| YOUR ASSIGNMENT |
Among the records that follow, find the line with "이제 PC에서 브라우저로" and the line with "windows 인스톨러 클릭>". Set down those lines and all lines between them exactly, without adding anything.

| SOURCE MATERIAL |
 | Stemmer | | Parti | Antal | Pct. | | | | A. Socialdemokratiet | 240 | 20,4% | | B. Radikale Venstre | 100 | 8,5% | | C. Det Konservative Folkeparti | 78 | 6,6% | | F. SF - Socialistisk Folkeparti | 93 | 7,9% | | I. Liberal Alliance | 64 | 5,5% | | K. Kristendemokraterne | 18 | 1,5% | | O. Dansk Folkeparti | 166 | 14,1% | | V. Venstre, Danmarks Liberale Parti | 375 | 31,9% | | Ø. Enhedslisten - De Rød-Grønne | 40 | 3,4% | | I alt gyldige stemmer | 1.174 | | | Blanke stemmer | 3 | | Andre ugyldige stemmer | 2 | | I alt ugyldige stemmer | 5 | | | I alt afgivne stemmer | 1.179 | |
* * *
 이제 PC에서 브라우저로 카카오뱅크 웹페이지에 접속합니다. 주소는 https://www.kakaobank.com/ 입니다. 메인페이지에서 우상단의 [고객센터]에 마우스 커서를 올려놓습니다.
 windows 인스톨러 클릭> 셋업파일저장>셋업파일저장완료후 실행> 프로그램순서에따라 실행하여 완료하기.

| ANSWER TO THE PROBLEM |
 이제 PC에서 브라우저로 카카오뱅크 웹페이지에 접속합니다. 주소는 https://www.kakaobank.com/ 입니다. 메인페이지에서 우상단의 [고객센터]에 마우스 커서를 올려놓습니다.
 windows 인스톨러 클릭> 셋업파일저장>셋업파일저장완료후 실행> 프로그램순서에따라 실행하여 완료하기.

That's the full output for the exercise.